Psychotherapy can offer direction. The first step is building awareness: understanding what purpose the addiction is serving. Is it soothing anxiety, numbing past trauma, or filling a void? Exploring this in therapy creates insight and opens the door to healthier coping strategies. Helping people make meaning of their addiction history can transform shame into understanding and create change.
At its core, addiction undermines the individual’s sense of agency (the ability to initiate and control their own actions and the sense of being in charge of those actions and their outcomes). Goals, by definition, require a capacity for future-oriented thinking, emotional regulation, and sustained effort—capacities that are often damaged in addictive cycles.
Clients often start therapy with confusion about why they can’t "get back on track" or meet their own expectations. From a therapeutic stance, this isn’t simply a lack of willpower—it reflects an internal conflict. The addictive behavior often serves as a dysfunctional solution to unmet emotional needs: numbing pain, escaping shame, regulating anxiety, or filling relational voids.
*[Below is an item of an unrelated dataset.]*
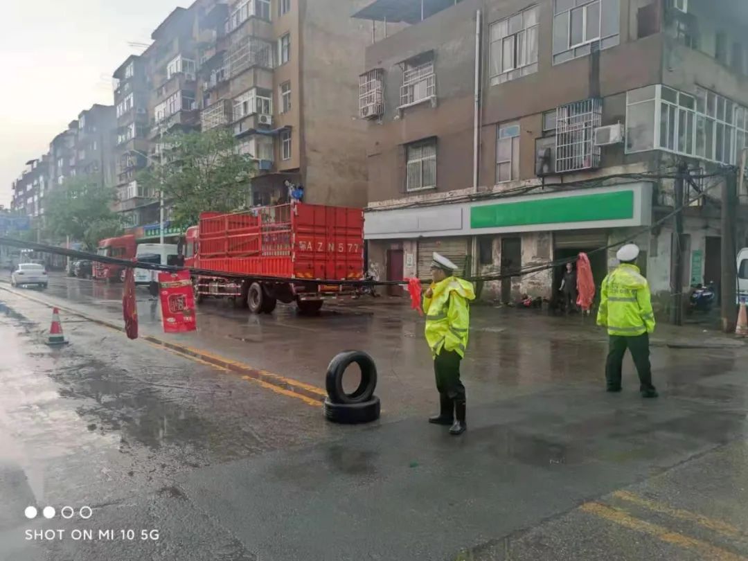 当日,大队共出动警力190余人次,警车21台次,汉警快骑30台次,在辖区东风大道太子湖路口、江城大道永旺路口、东风大道车北路口、兴城大道纱帽正街、汉南大道纱帽正街路口、东风高架全线等主要路口及易滞水路口路段增派警力,交通大队指挥室通过视频监控主动发现滞水点位9处和两处树木被大风吹倒,均已安排警力现场妥善处置。

Therapy helps develop emotional regulation skills, which are crucial for managing the discomfort that arises when we stop relying on addictive behaviors. Techniques from Cognitive Behavioral Therapy (CBT), Dialectical Behavior Therapy (DBT), or mindfulness-based therapies can support this process. Building a good support network, having a buddy to rely on for extra encouragement to help get through the set backs, anxiety, and emotional pain, will better ensure that the work being done is moving in the right direction.
Clients may articulate goals—repairing relationships, returning to school, improving health—but struggle to initiate action or follow through. This is not simply executive dysfunction; it's a form of value-disconnection. The client’s inner world has become organized around short-term relief rather than long-term fulfillment. Setting realistic, values-based goals is also key. Instead of just focusing on stopping the addiction, therapy can help clients to reconnect with what truly matters—relationships, creativity, health, or a sense of purpose. Being able to reflect on what matters most to—relationships, autonomy, health, contribution—and to identify where addiction has interfered with these domains, helps shift the focus from symptom reduction ("just stop using") to value-based living, which is a more sustainable foundation for recovery.
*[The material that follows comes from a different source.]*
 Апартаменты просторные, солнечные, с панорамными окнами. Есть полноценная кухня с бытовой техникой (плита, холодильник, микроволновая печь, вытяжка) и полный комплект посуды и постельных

Shame is a powerful and often hidden force in addiction. Repeated failures to meet goals—especially in the context of relapse—can lead to a diminished sense of self-worth. Over time, clients may internalize an identity of being "lazy," "broken," or "hopeless." This shame-based self-concept becomes another barrier to setting or pursuing goals, as individual’s doubt their own capacity for change. It's important to distinguish between the want to change but feels incapable and the not yet seeing a problem. In both cases, part of the therapeutic work involves helping to reconstruct a coherent and compassionate sense of self that is capable of growth, change, and commitment.
Setbacks will likely happen but they can be helpful! It’s an opportunity to see what triggers or stressors were present, what unmet needs arose, and what skills or supports were missing.
Recovery isn’t a straight line - for some harm reduction works better than complete abstinence, but with consistency and returning to why sobriety is important to you, individuals can move toward their goals with more self-compassion.